Q –  OK, we are now “fans” but one or two of your revelations about the travel industry seem to be so “first time I have ever heard that” off-the-charts. I just read a piece you had published suggesting that because I fly to Europe and Australia on business, I should be smearing my face with protective suntan lotion for up to fifteen hours at a time in the air. I do always prefer a window seat whether I am flying Economy Plus or Business. But I have never, ever seen a fellow passenger lather up. Not asking for a scientific treatise but wondering what led you to suggest this strategy. Wouldn’t I scare my fellow passengers if I get up covered with lotion, to use the restroom?  

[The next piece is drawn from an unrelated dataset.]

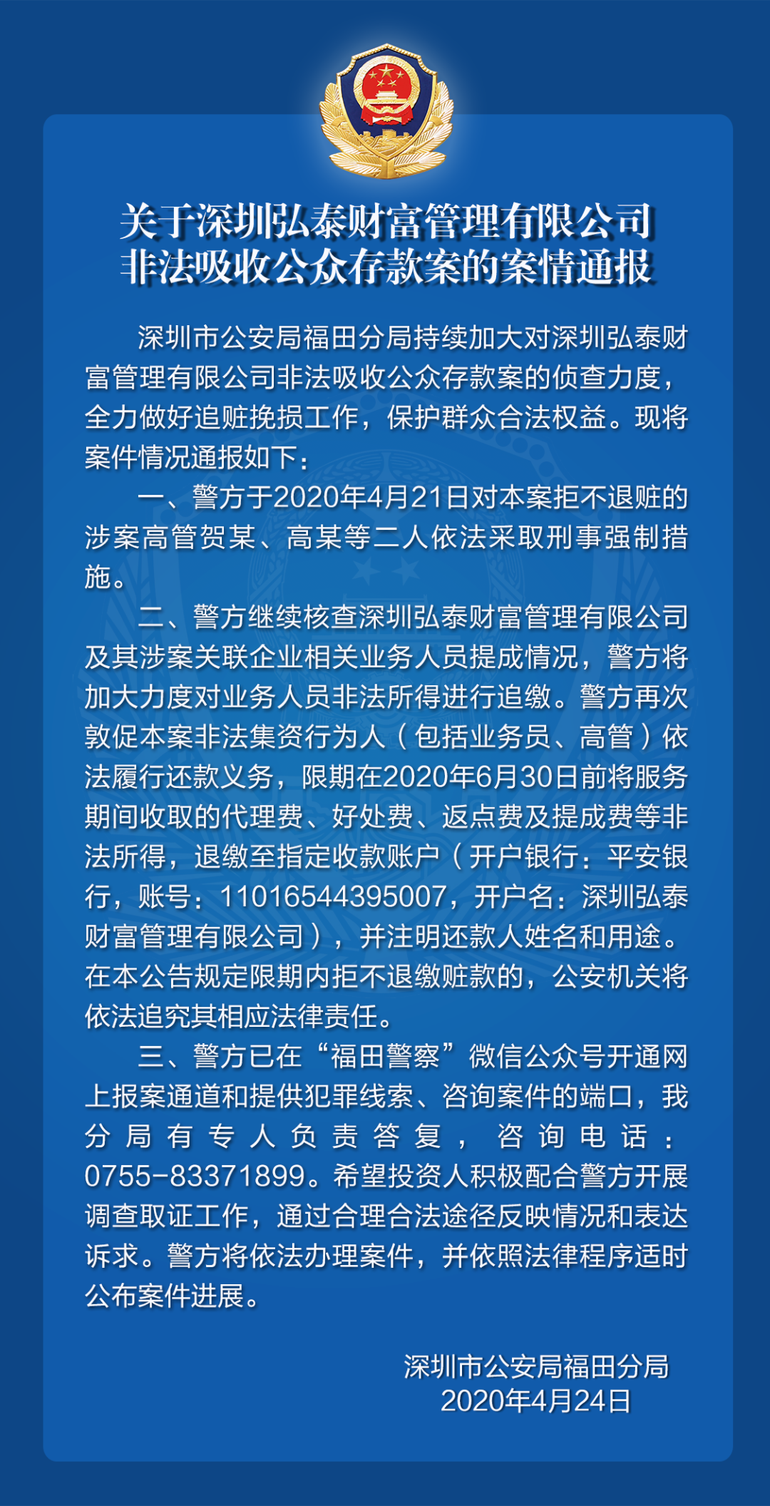 關(guān)于深圳弘泰財富管理有限公司非法吸收公眾存款案的案情通報

A – You might – but on a long flight with the sun streaming in through the windows mid-day, sun exposure is a credible risk that has been affecting pilots for years. The New York Times has reported on some of the abnormally high cancer rates  pilots on longer routes have experienced.

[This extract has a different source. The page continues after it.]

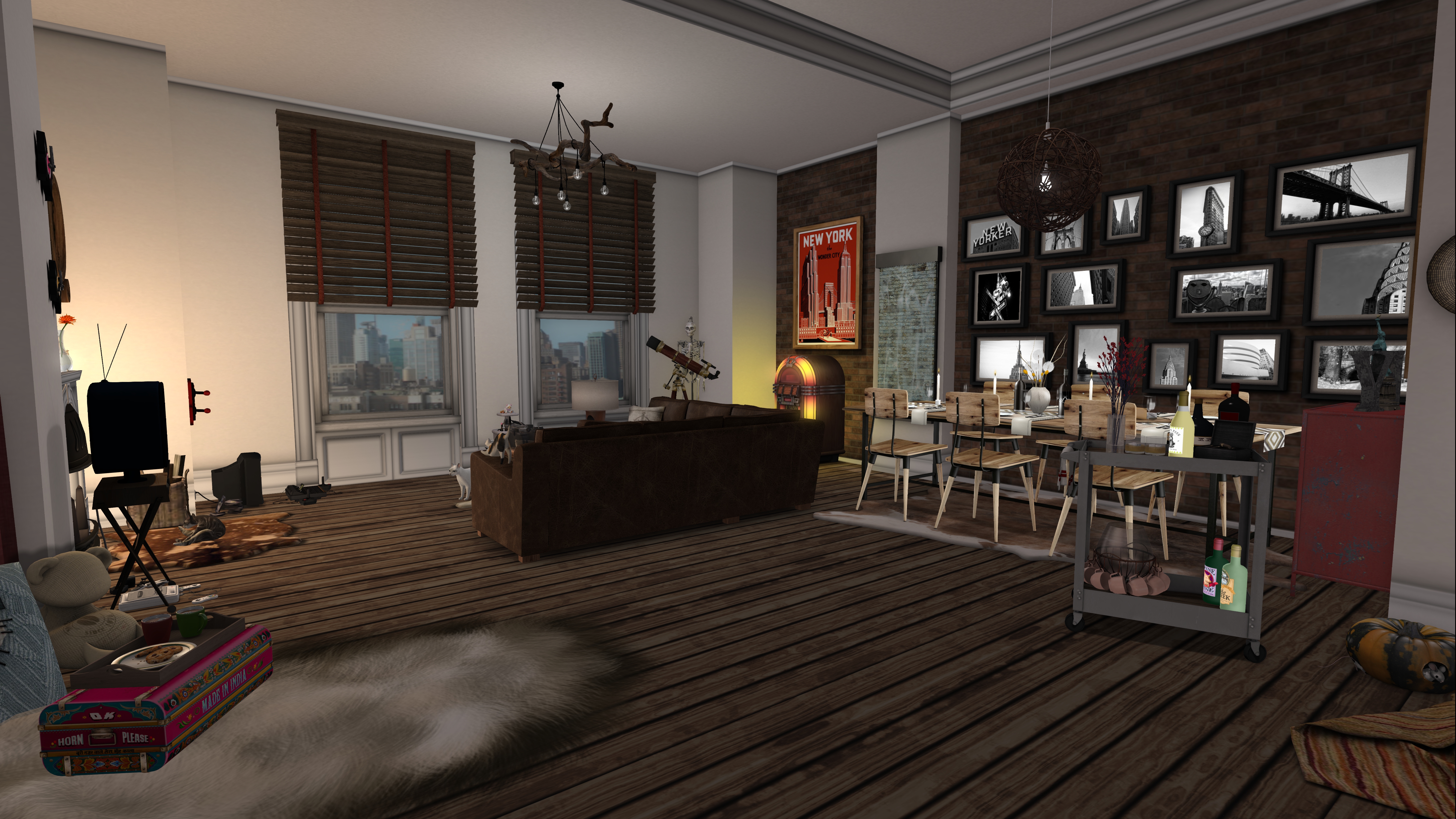 home_008As I’ve said before on these pages I find a lot of solace in my skybox.  There’s something very satisfying about logging in to my virtual home and finding all my familiar virtual stuff and things there waiting for me. It blows my mind to think that none of the furnishings, animals and ephemera it contains are physically real, they all live on a server somewhere, but with a splash of creator’s imagination and  a deftly applied texture my favourite comfy chair comes to life, along with all my favourite things proudly on display within.   I adore my skybox home, and although  I do seem to covet and collect skyboxes on a regular basis  I’ve never found it in my heart to replace it. The skybox that I live in is The New York Penthouse from Barnesworth Anubis. It’s my ‘Mary Poppins’ space: to me it’s practically perfect in every way.  That said, there are a few things I would love to see changed, so this  blog-post is going to serve as a wishlist of sorts just in case the creator, BARNESWORTH ANUBIS, happens to come across this post.  So forgive my flight of fancy dear reader and allow me to begin: Hey Mr. Anubis! If you ever decided to ‘upgrade’ this particular skybox design, I have some ideas that you may be interested in?   First up, although I love the open plan could you add a bedroom door? It does get a tad draughty and sometimes the light from the kitchen keeps me awake when Jez is making a midnight snack.   I know I could add a screen to cover the door, but it wouldn’t look quite as polished as if you did it. Same goes for the internal window feature; I actually quite like it but I could see that for some having a solid wall would be more useful.  I always love the floor textures that you  apply to your builds, they’re exemplary, and in my skybox the wooden floor looks especially amazing.  But the brickwork could perhaps do with appearing a tad sharper, especially when zoomed in.   I’d also like the option to have the space for a fireplace, but to be able to incorporate one of my choosing.  (I’m very  partial to the Cast Iron Fireplaces that Apple Fall has released recently and would love to be able to use one of those in my skybox..) Perhaps my biggest customer suggestion for this particular skybox is that I would LOVE another room. Perhaps the floorplan could be increased by removing some of the generous space that is available as you walk in? Or, and even better to my mind, is to add a staircase up to another floor. I’ll take that even further: I would have the staircase situated towards the end of the bedroom  leading up a level.  Even better than that? It would be a cast iron  spiral staircase too! (OOH can you imagine? I can!)home_006Back to (virtual) reality. Now, some of you are reading this I’ve no doubt and thinking, but Kitty, this is a MOD skybox, so why don’t you make these changes yourself? Simple answer? I don’t know how.  I can make rudimentary changes like adding textured panels but I don’t know how to ‘undo’ a build of this magnitude to create extra rooms etc.  Besides, even if I did it, my finished work would never have the panache that a BARNESWORTH ANUBIS build would have. I mean come on, I’d ruin it, and that simply will not do! So here’s a Kitty-plea: Barnesworth, should you happen to be reading this, PLEASE consider making a revised version of this skybox with some enhanced features and perhaps even the touches that I’ve highlighted here.  I know many people who would be incredibly happy if you did that, but most of all me, and I’d be the first in-line to throw the Lindens at you once it was on sale! Here’s hoping my dream becomes a reality.  But it doesn’t have to; sometimes the nice things about flights of fancy is that they’re just that.  After all, there’s a lot to be said for being careful what you wish for, I mean what if Barnesworth released a revised version of this skybox and I didn’t like it?! EEP! Keyhole_008But when it comes down to it, I’ve lived a long time in this skybox and I have no intention of leaving it.  It makes me incredibly happy every time I log in, and after all, that’s what life, real or virtual,  should be about.  With that at the forefront of my mind then, I shall go on living my Second Life  within the comfortable confines of my virtual abode.  Some people have wooded glens and open spaces as their sacred space; but mine is a bundle of pixels and polygons on a monitor that with a bit of magic turn into something wonderful that I absolutely adore.  home_004Barnesworth Anubis NYC apartment

We know that airplane windows are typically made of polycarbonate plastic or layered composite glass.While there is negligible transmission of UVB rays through plastic and glass windshields, UVA transmission through these windows is significant.”

It is thought that the heavy amount of light transmitting through airplane windows contain potentially-harmful UVA rays.

Why should you care? Well, though you won’t necessarily get a sunburn since that’s caused primarily by UVB radiation, UVA rays penetrate the deeper layers of skin and are known to cause photoaging (sun spots and wrinkling).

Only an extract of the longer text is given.